Could someone give an example about it?Thanks a lot.

PS:我找到了一些示例，但是在内核版本2.6.20中.由于已对LSM进行了修改，因此这些示例无法正常工作.

PS: I have found some examples, but in kernel version 2.6.20. As LSM have been modified, those examples cannot work.

推荐答案

从2.6.35开始，您无法加载LSM模块(请参阅c1e992b99603a84d7debb188542b64f2d9232c07 commit).因此，将LSM移出内核不是有效的任务.但是您始终可以尝试在运行时反汇编内核，并找到所有私有符号，例如 security_ops 指针.

You can't load an LSM module since 2.6.35 (see c1e992b99603a84d7debb188542b64f2d9232c07 commit). So, it isn't a valid task to get LSM outside the kernel. But you always can try to disassemble the kernel at run time and find all the private symbols such as security_ops pointer.
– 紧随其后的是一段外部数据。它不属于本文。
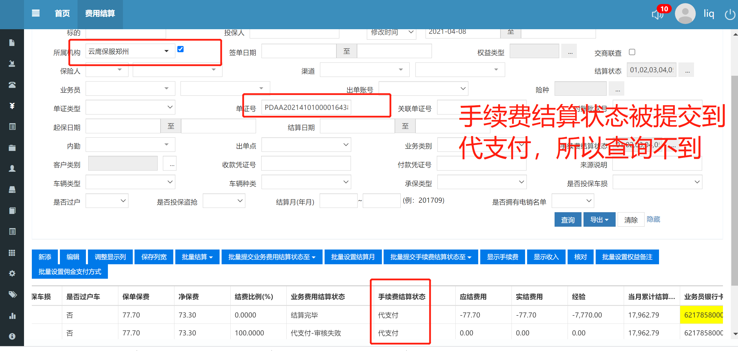 因手续费状态被提交到代支付,查询时未选择手续费状态所以查不到。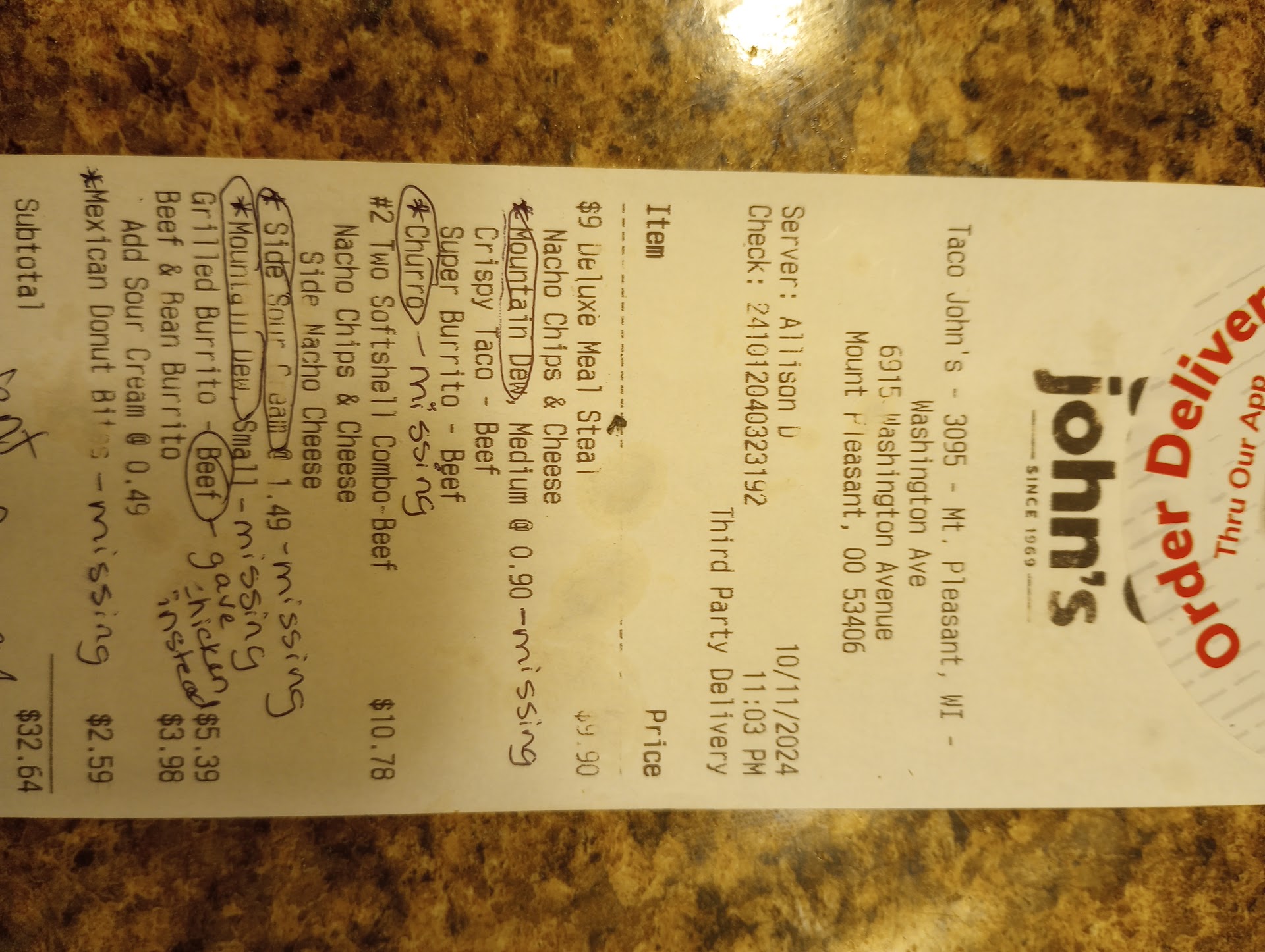On top of that, all three times, staff were friendly, polite, and professional. Nothing like Kenosha where staff don't care and aren't shy about it. It's great to finally have a Taco Johns with courteous, well trained people that's local to me. Will definitely be a...

例如，看看导出的 security_sb_copy_data 符号:

For example, have a look at the exported security_sb_copy_data symbol:

int security_sb_copy_data(char *orig, char *copy)
{
        return security_ops->sb_copy_data(orig, copy);
}
EXPORT_SYMBOL(security_sb_copy_data);

它转储可能看起来像这样 (x86_64):

It dump may looks this (x86_64):

(gdb) x/7i security_sb_copy_data
   0xffffffff811f61b0:  push   %rbp
   0xffffffff811f61b1:  mov    %rsp,%rbp
   0xffffffff811f61b4:  data32 data32 data32 xchg %ax,%ax
   0xffffffff811f61b9:  mov    0x881690(%rip),%rax        # 0xffffffff81a77850
   0xffffffff811f61c0:  callq  *0x98(%rax)
   0xffffffff811f61c6:  pop    %rbp
   0xffffffff811f61c7:  retq

因此， 0xffffffff81a77850 地址是确切的 security_ops 指针.我们来检查一下:

So, the 0xffffffff81a77850 address is the exact security_ops pointer. Let's check it out with:

(gdb) x/s* 0xffffffff81a77850
0xffffffff81850fa0:  "default"

好的，现在我们有了有效的 security_ops 指针，并且可以在内核外部使用LSM进行任何操作.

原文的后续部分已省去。